The average rating should be about 2.5, because that’s how it should work out. Unless you’re driving a Bentley Continental or other decent sized luxury limosine you’re not earning a 5-star ride–no matter how many water bottles and car fresheners you have in there. Unless your meal is a feast for the eyes, nose, ears, and mouth, it is not a 5-star meal. A greasy-spoon diner, no matter how comfortings the food, isn’t going to be a 5-stars, just like it would never get a Michelin star or a full rating from Mimi Sheraton. If I order your product, and it arrives broken or just wasn’t what it said in the listing, or even arrives after the promised delivery date, it shouldn’t getting a full star. Fail to deliver a perfect review in any circumstance, and you’re told your evil, that you’re wrong, that you don’t deserve what little service you got from the vendor because they didn’t get their hit of 5-star crack from you.

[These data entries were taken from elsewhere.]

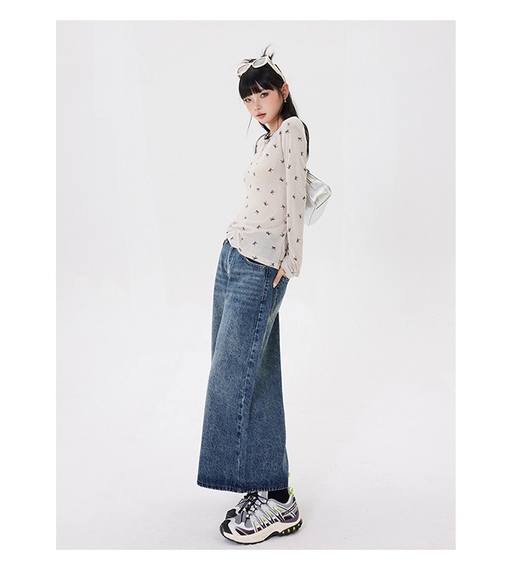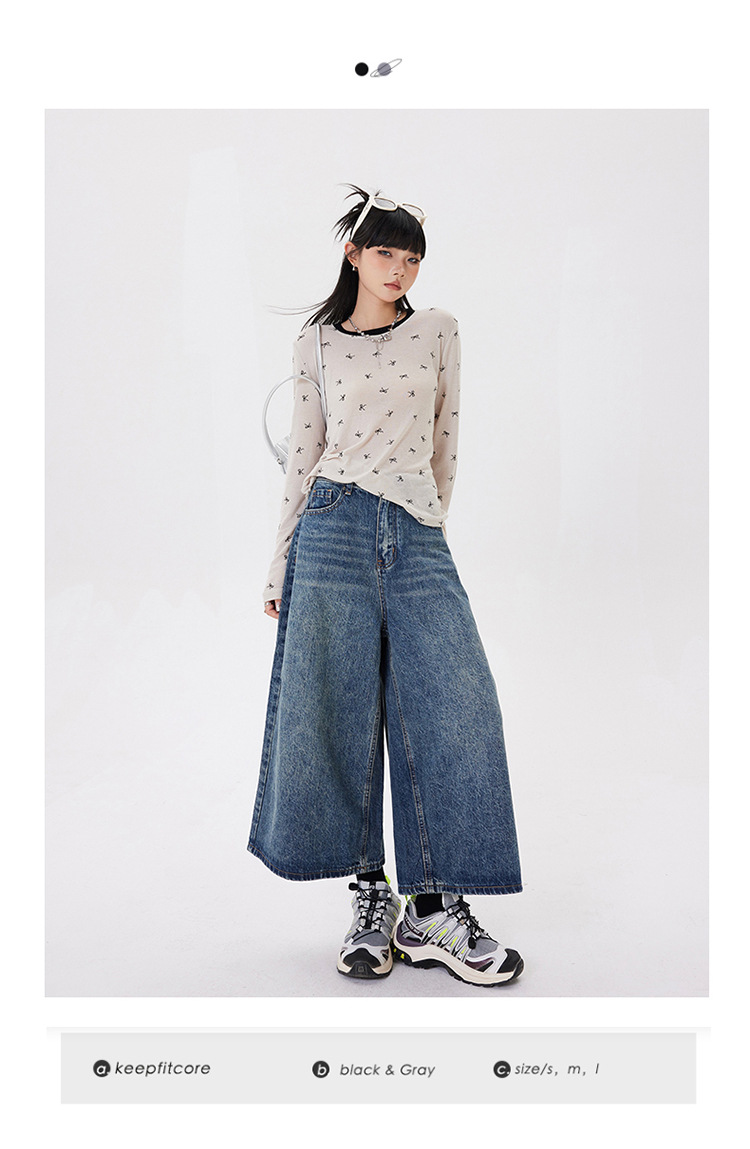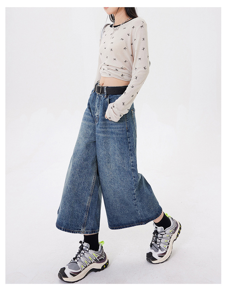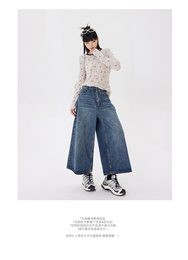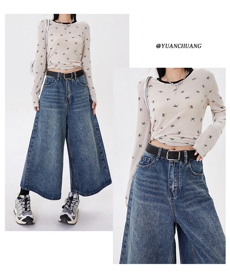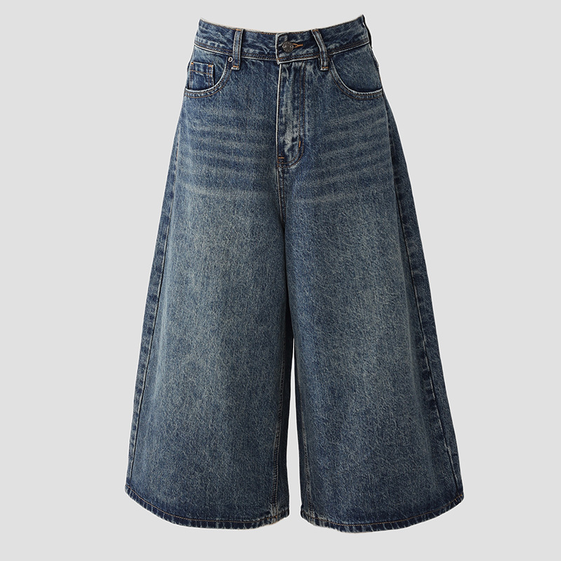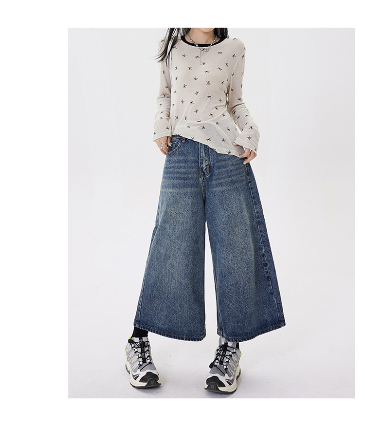 [진인] 미국식 고민 복고풍 느슨한 와이드 레그 팬츠 하이웨이스트 올매치 스트레이트 크롭 팬츠 여성 패션스토어 가기
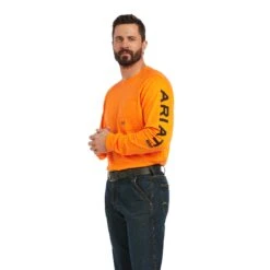 Safety Orange and Black Long Sleeve Rebar Cotton Strong Graphic T-Shirt.
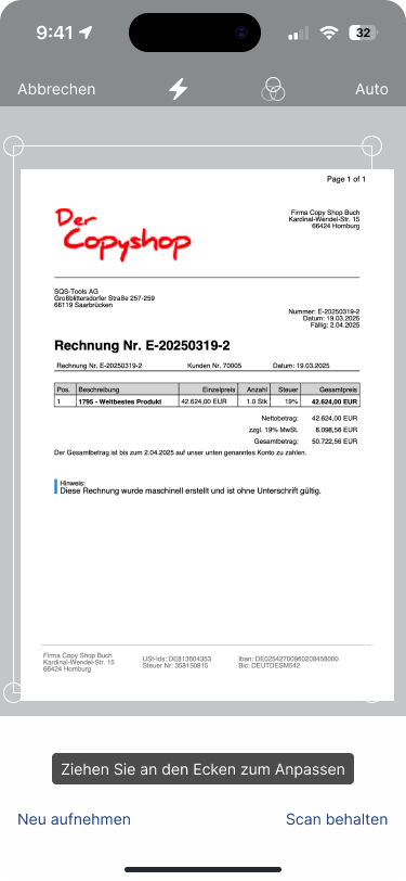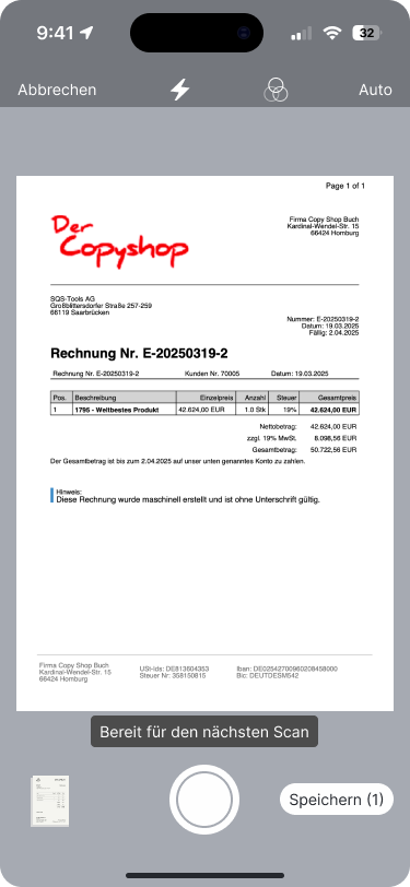 - Fotografieren Sie Belege mit Ihrem Smartphone und laden Sie sie über die mobile App hoch.
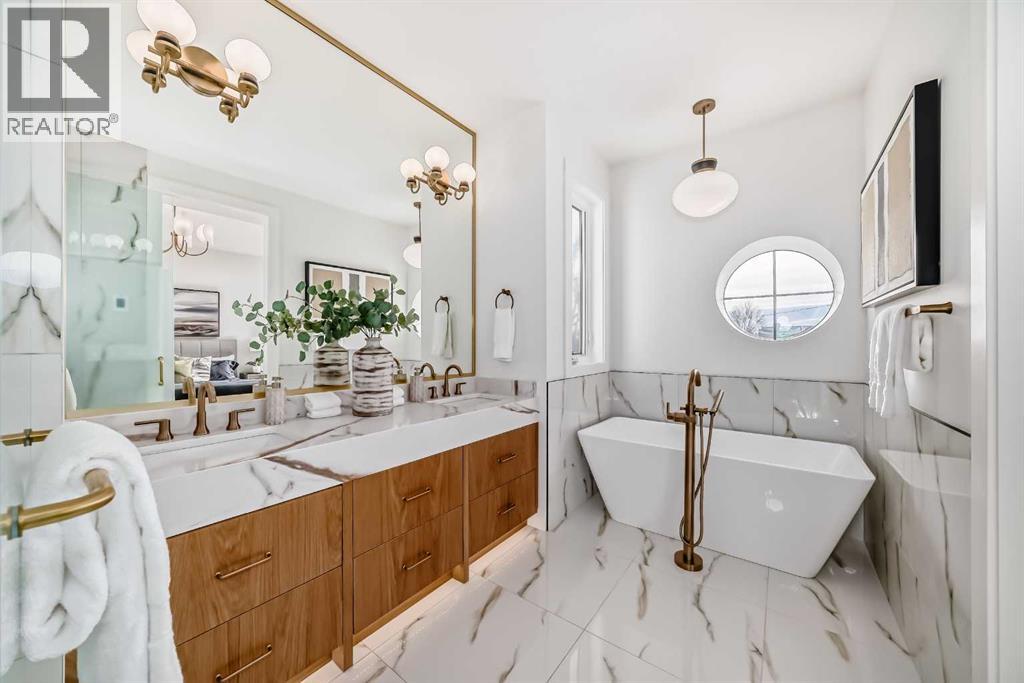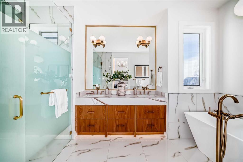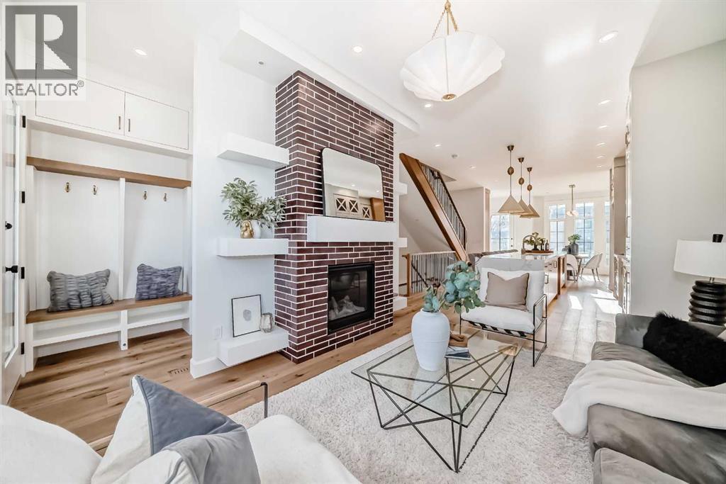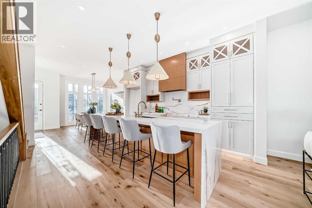 ** OPEN HOUSE: Saturday, November 29th 1-3pm and Sunday, November 30th 1-3pm ** Welcome to 2048 41 Avenue SW — a stunning 4-bedroom, 3.5-bathroom luxury residence crafted by acclaimed inner-city builder Palatial Homes Ltd., perfectly situated on a premium corner lot in the heart of Altadore. Surrounded by some of Calgary’s best amenities, this home is just minutes from top-rated schools, playgrounds, parks, off-leash areas, boutique shopping, and vibrant Marda Loop dining — making it the ideal location for families and professionals alike. The home’s bold brick exterior, fully landscaped and fenced yard, and detached double garage make an unforgettable first impression while ensuring low maintenance and timeless curb appeal. Inside, you'll find a thoughtfully designed, light-filled interior with a bright front dining area and an open-concept layout perfect for entertaining and everyday living. Stunning wide plank hardwood flooring flows throughout the main level, complemented by 10-foot ceilings and designer finishes. The gourmet kitchen is a true showstopper, featuring quartz countertops, a full-size island, ceiling-height cabinetry, and a premium JennAir appliance package. The adjacent living room is anchored by a cozy gas fireplace with floating built-in shelves and large windows that flood the space with natural light. A custom mudroom and stylish powder room add everyday convenience and function. Upstairs, the primary suite is a luxurious retreat with a spacious walk-in closet, and a spa-like ensuite featuring heated tile floors, a freestanding soaking tub, walk-in shower, and dual vanities with quartz counters. Two additional well-sized bedrooms, a shared full bathroom, and an upper-floor laundry room complete this level.The fully finished basement offers a massive recreation room, wet bar, full bathroom, and a fourth bedroom — ideal for a guest suite, teenager’s retreat, or home gym. Book your showing today! (id:55577)
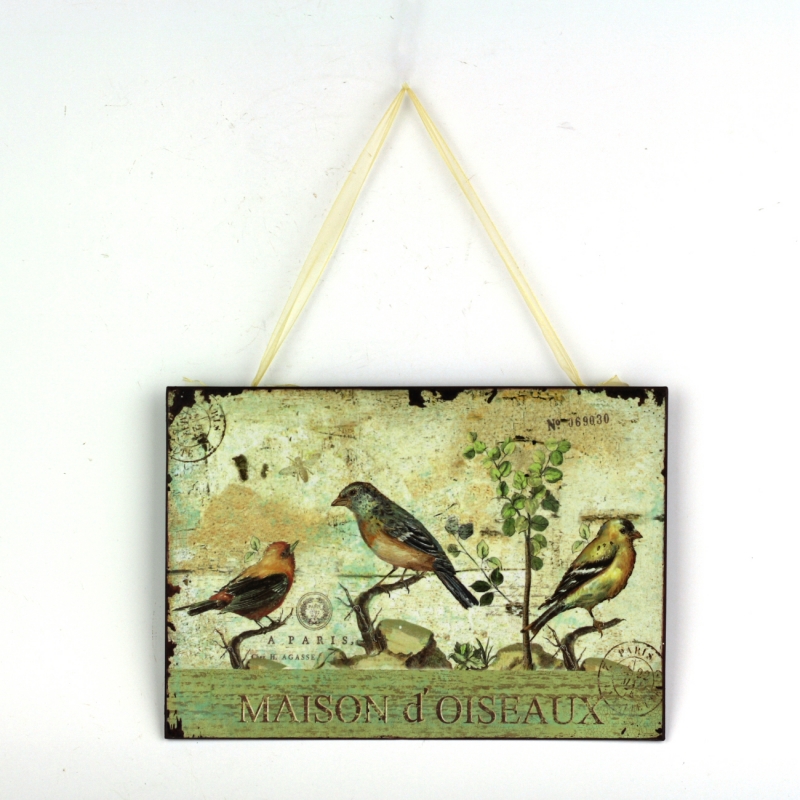 Plechová ceduľa tri vtáčiky slúži na zavesenie na stenu ako dekorácia. Vďaka pripevnené stužke to pôjde veľmi ľahko.
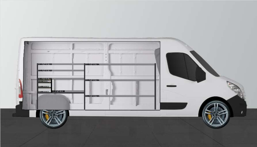 Ett priseffektivt alternativ för dig som har ett enklare behov av förvaring och vill ha en kombination av lådor på kullagerskenor men även hyllor till din Opel Movano, Renault Master & Nissan NV400. Inredningen är 420mm djup vilket gör att de flesta av marknadens verktygsväskor passar perfekt. Lådorna är populära att komplettera med våra lådinsatser och avdelare vilka ger dig bra möjligheter att skapa ordning och reda för ditt mindre sortiment.

Now we have to sell ourselves to the vendors – imagine calling uber or placing an order for some underware, and being told “your reviews are too low, we won’t sell to you until your average review is 5-stars.” Why not, if you’re an uber driver, certainly in high-traffic times you’d prefer to pick up only those who’ll give you good ratings, and if bad reviewers means fewer sales, don’t sell to them.

I’m pretty sure that’s a recipe for disaster, but that’s capitalism for you: find the money, get the money, keep the money, damn the consequences.